* Information shown *

=======

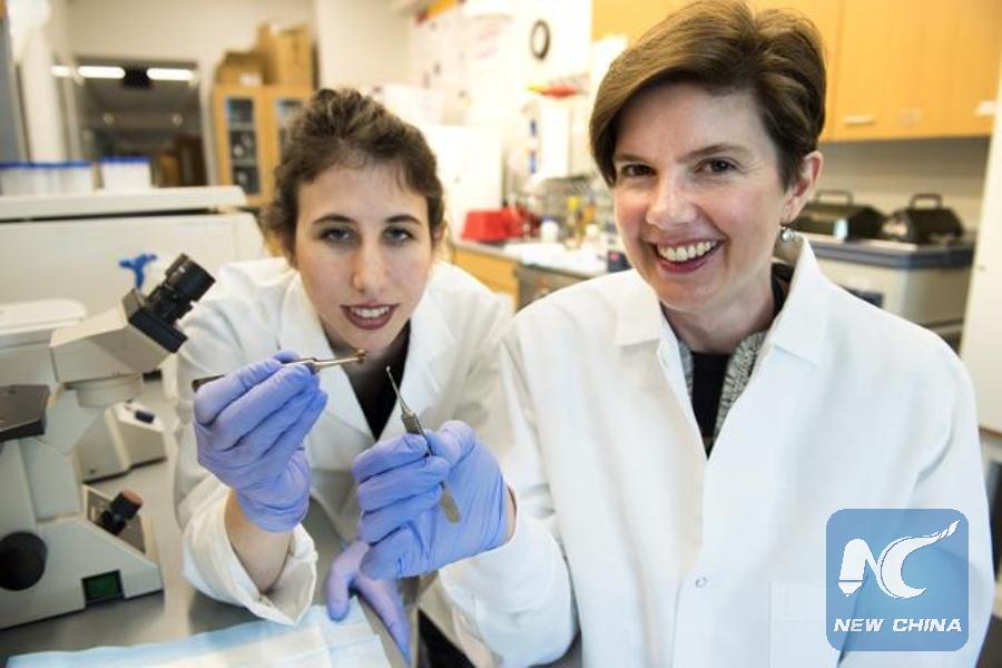 A team of biomedical engineering researchers has created a revolutionary 3D-bioprinted patch that can help heal scarred heart tissue after a heart attack. Two of the researchers involved are biomedical engineering Associate Professor Brenda Ogle (right) and Ph.D. student Molly Kupfer (left). (Xinhua/Credit: Patrick O'Leary, University of Minnesota)
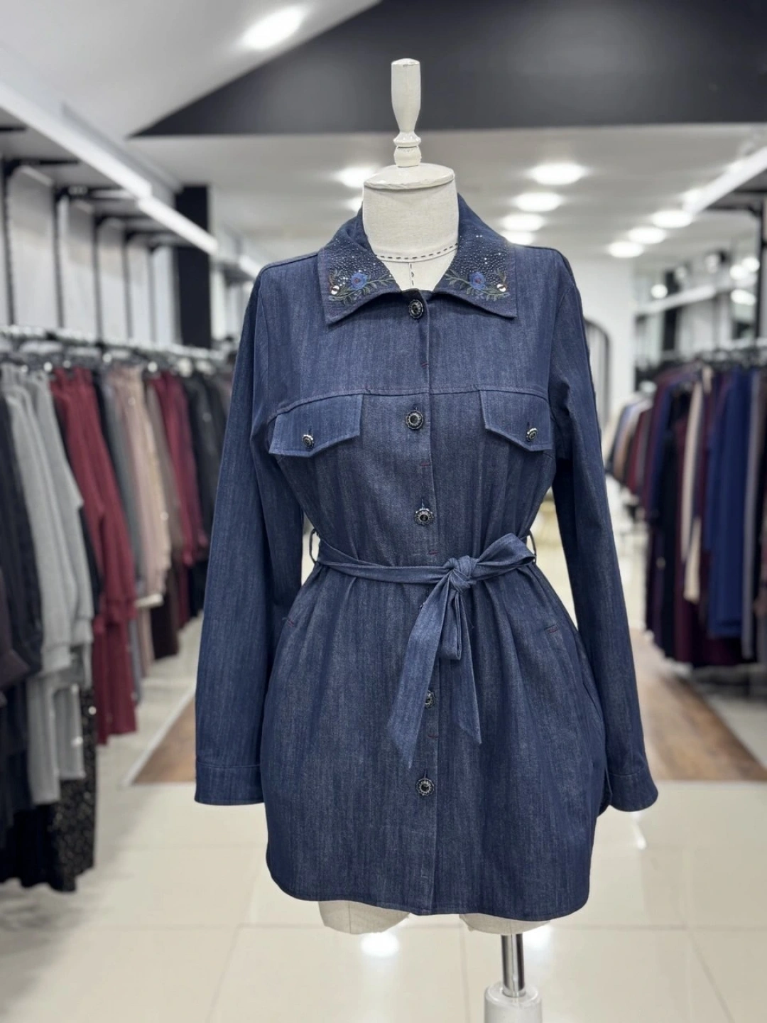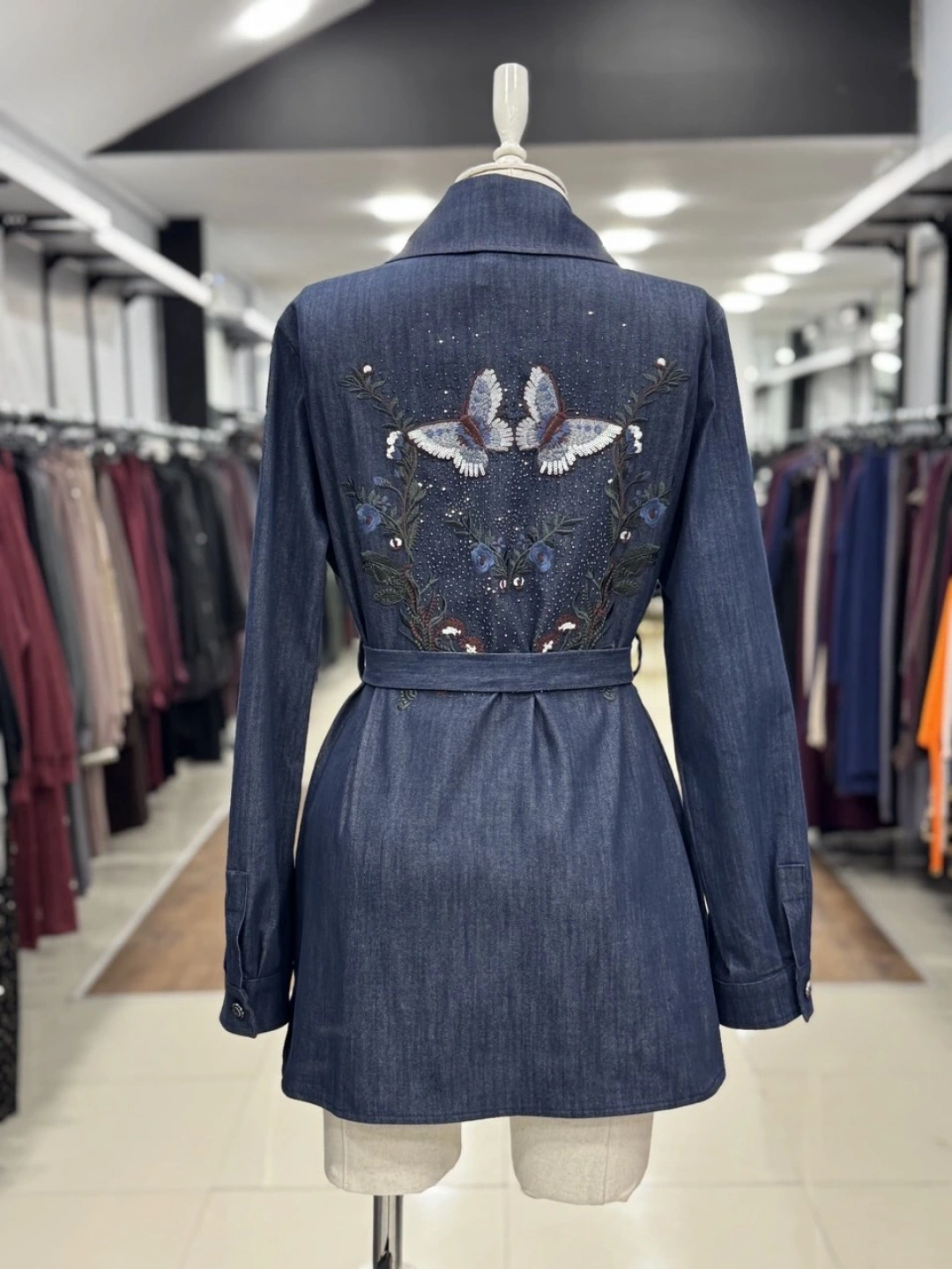 YAKASI VE SIRTI KELEBEK DESEN İŞLEMELİ KAP - Lacivert
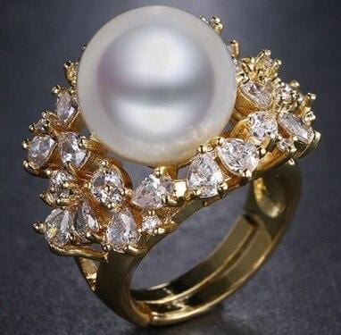 Emmaya Fashion New Trendy Women Finger Big Pearl Ring Real White/Gold Color Crystal Rings For Women Wedding Party

=======

* What to work on *
Output nothing but the lines from the one containing "YAKASI VE SIRTI" to the end of the listing, both ends included, reproduced exactly. Pictures stay out.

* Result of this task *
 YAKASI VE SIRTI KELEBEK DESEN İŞLEMELİ KAP - Lacivert
 Emmaya Fashion New Trendy Women Finger Big Pearl Ring Real White/Gold Color Crystal Rings For Women Wedding Party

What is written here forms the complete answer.